Visti tutti gli atti ed i documenti di causa.
Uditi nella pubblica udienza del giorno 27.10.2015 il relatore, consigliere Marco Smiroldo, la dott.ssa Maria Luisa Guttuso per il Ministero della Difesa e la dott.ssa Paola Alessandrella per l’INPS; assente l’appellante.
SVOLGIMENTO DEL PROCESSO
1.- Con sentenza n. 298 del 20.11.2013, la Sezione giurisdizionale per la regione Sardegna ha respinto, in applicazione dell’art. 37 della l. n. 599 del 1954 e delle leggi nn. 165 e 499 del 1997, il ricorso del sig. C.. volto a far annullare il provvedimento di sospensione del trattamento pensionistico in godimento e, quindi, dichiarare il diritto del medesimo alla restituzione dei ratei trattenuti e non percepiti, comprensivi d’accessori.
Il sig. C.., infatti, dopo esser stato sospeso dal servizio ex art. 4, comma 1, l. n. 97 del 2001 in data 09.02.2010 a seguito di sentenza ex art. 444 c.p.p. di primo grado non definitiva, venne collocato in congedo assoluto per infermità nel luglio 2010 e, nel medesimo anno – ossia in data 18.11.2010 –, gli venne riconosciuto dall’INPDAP il diritto a pensione indicando quale causa di cessazione la dispensa dal servizio per invalidità (art. 2, comma 12, l. n. 335 del 1995).
Successivamente, ossia nel gennaio 2012, a seguito del passaggio in giudicato di sentenza penale che lo riguardava, al sig. C.. veniva inflitta, in esito a procedimento disciplinare avviato in data 28.07.2011, la sanzione disciplinare della perdita del grado e rimozione per motivi disciplinari, con decorrenza giuridica dal 09.02.2010.

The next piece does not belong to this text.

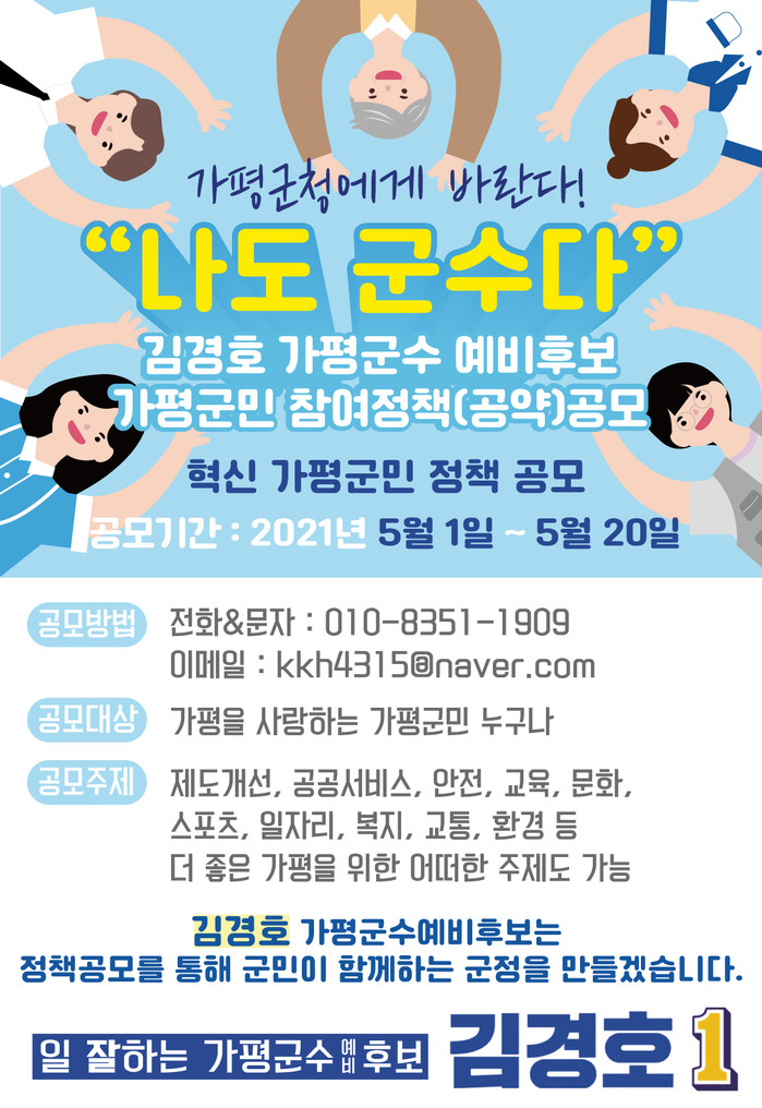[수원=채종수 기자] 김경호 가평군수후보가 군민과 함께하는 군정을 위한 ‘나도 군수다’ 정책 공모전을 오는 20일까지 개최한다.

Così, in applicazione dell’art. 37 della l. n. 599 del 1954, essendo intervenuto un mutamento della causa di cessazione dal servizio (da invalidità a perdita del grado) che implicava una differente decorrenza, tale da non consentire più la corresponsione del trattamento pensionistico per insufficienza dell’anzianità minima, l’INPS ne sospendeva i pagamenti col provvedimento poi impugnato col ricorso respinto in primo grado.

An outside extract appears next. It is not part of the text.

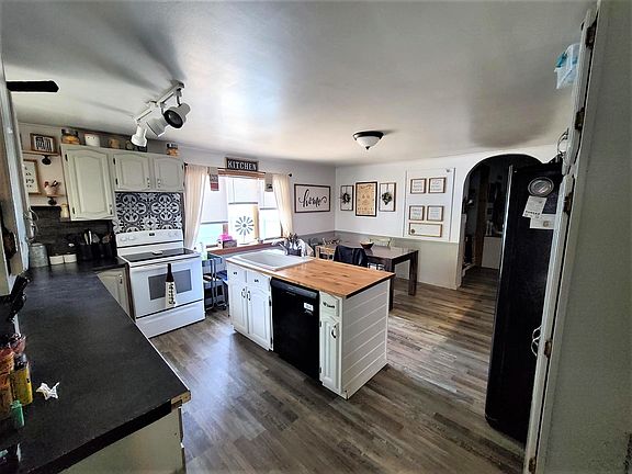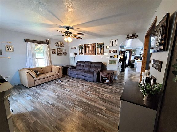 Enjoy this tastefully updated 3 bedroom home with large eat-in kitchen, main floor master suite, hobby room, laundry & sunroom. Huge 2 story garage is perfect for possible shop with upstairs that could be finished for many uses with furnace, electrical and potential water hookups. Main level of the garage is 1,440 SF. with 3 stall doors. This home also has brick patio in backyard, storage shed and front carport.

2.- Con ricorso in appello notificato in data 20.01.2014, al Ministero della difesa ed all’INPS, nonché al Comando generale dei Carabinieri, alla Legione Carabinieri Piemonte e Valle d’Aosta, e depositato presso la Segreteria in data 21.02.2014, il sig. C.. ha contestato l’errata applicazione dell’art. 37, comma 2 e 61 comma 2 della l. n. 599 del 1954 operata dal giudice di prime cure.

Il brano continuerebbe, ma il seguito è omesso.